Presets with non-zero S_unique weights require a
proteome digest. pepVet rejects those presets when proteome
is missing because the component is undefined without a comparison
background.
When you supply a proteome digest,
score_peptides() adds a sixth component,
S_unique. It measures the fraction of valid peptides that
appear in exactly one protein in the supplied background. Shared
sequences can map to more than one protein, so the relevance of this
component depends on the background.
# Digest the proteome background first
proteome_digest <- digest_protein(proteome_path, enzyme = "trypsin")
# Score BSA in the context of that proteome
bsa_digest <- digest_protein(bsa_path, enzyme = "trypsin")
score_peptides(bsa_digest, proteome = proteome_digest)Proteome-aware scoring switches the default weight set to give
S_unique a 20% share:
c(S_length = 0.160, S_coverage = 0.279, S_count = 0.181, S_hydro = 0.110, S_charge = 0.070, S_unique = 0.200).

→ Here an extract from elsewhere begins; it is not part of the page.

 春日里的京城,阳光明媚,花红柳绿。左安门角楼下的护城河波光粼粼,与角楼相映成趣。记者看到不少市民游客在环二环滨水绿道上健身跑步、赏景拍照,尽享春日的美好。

evaluate_digest() wraps digest_protein()
and score_peptides() into a single call and returns a named
list.
ev <- evaluate_digest(bsa_path, enzyme = "trypsin", missed_cleavages = 1L)
names(ev)
#> [1] "scores" "peptides" "params"ev$scores
#> # A tibble: 1 × 12
#> protein_id S_length S_coverage S_count S_hydro S_charge composite_score
#> <chr> <dbl> <dbl> <dbl> <dbl> <dbl> <dbl>
#> 1 sp|P02769|ALBU_B… 0.688 0.997 1 0.769 0.778 0.885
#> # ℹ 5 more variables: verdict <chr>, median_peptide_length <dbl>,
#> # preset_used <chr>, n_high_efficiency_sites <int>,
#> # n_low_efficiency_sites <int>ev$params
#> $enzyme
#> [1] "trypsin"
#>
#> $missed_cleavages
#> [1] 1
#>
#> $protein_ids
#> [1] "sp|P02769|ALBU_BOVIN Albumin OS=Bos taurus OX=9913 GN=ALB PE=1 SV=4"
#>
#> $preset_used
#> [1] "standard"
#>
#> $gravy_range
#> [1] -1.0 0.6
#>
#> $length_range
#> [1] 7 25
#>
#> $weights
#> S_length S_coverage S_count S_hydro S_charge
#> 0.200 0.348 0.226 0.138 0.088
#>
#> $proteome_aware
#> [1] FALSE
#>
#> $include_pI
#> [1] FALSEThe $params element records the resolved enzyme name,
missed cleavages, full protein IDs, and preset_used
value.
When you need peptide-level cleavage-risk context, request it
explicitly. The flag adds a cleavage_efficiency column to
the peptide table. The protein-level efficiency counts
(n_high_efficiency_sites,
n_low_efficiency_sites) are always present in the scores
table regardless of this flag.
ev_eff <- evaluate_digest(
bsa_path,
enzyme = "trypsin",
missed_cleavages = 1L,
include_cleavage_efficiency = TRUE
)
ev_eff$peptides
#> # A tibble: 157 × 7
#> protein_id peptide start end length missed_cleavages cleavage_efficiency
#> <chr> <chr> <int> <int> <int> <int> <chr>
#> 1 sp|P02769|AL… MK 1 2 2 0 high
#> 2 sp|P02769|AL… MKWVTF… 1 19 19 1 high
#> 3 sp|P02769|AL… WVTFIS… 3 19 17 0 high
#> 4 sp|P02769|AL… WVTFIS… 3 23 21 1 medium
#> 5 sp|P02769|AL… GVFR 20 23 4 0 medium
#> 6 sp|P02769|AL… GVFRR 20 24 5 1 low
#> 7 sp|P02769|AL… R 24 24 1 0 low
#> 8 sp|P02769|AL… RDTHK 24 28 5 1 low
#> 9 sp|P02769|AL… DTHK 25 28 4 0 low
#> 10 sp|P02769|AL… DTHKSE… 25 34 10 1 low
#> # ℹ 147 more rows
ev_eff$scores[, c("protein_id", "n_high_efficiency_sites", "n_low_efficiency_sites")]
#> # A tibble: 1 × 3
#> protein_id n_high_efficiency_si…¹ n_low_efficiency_sites
#> <chr> <int> <int>
#> 1 sp|P02769|ALBU_BOVIN Albumin OS… 61 18
#> # ℹ abbreviated name: ¹n_high_efficiency_sitesThe protein-level counts are informational and do not contribute to the score. They summarize the sequence-local labels returned by the annotation rules.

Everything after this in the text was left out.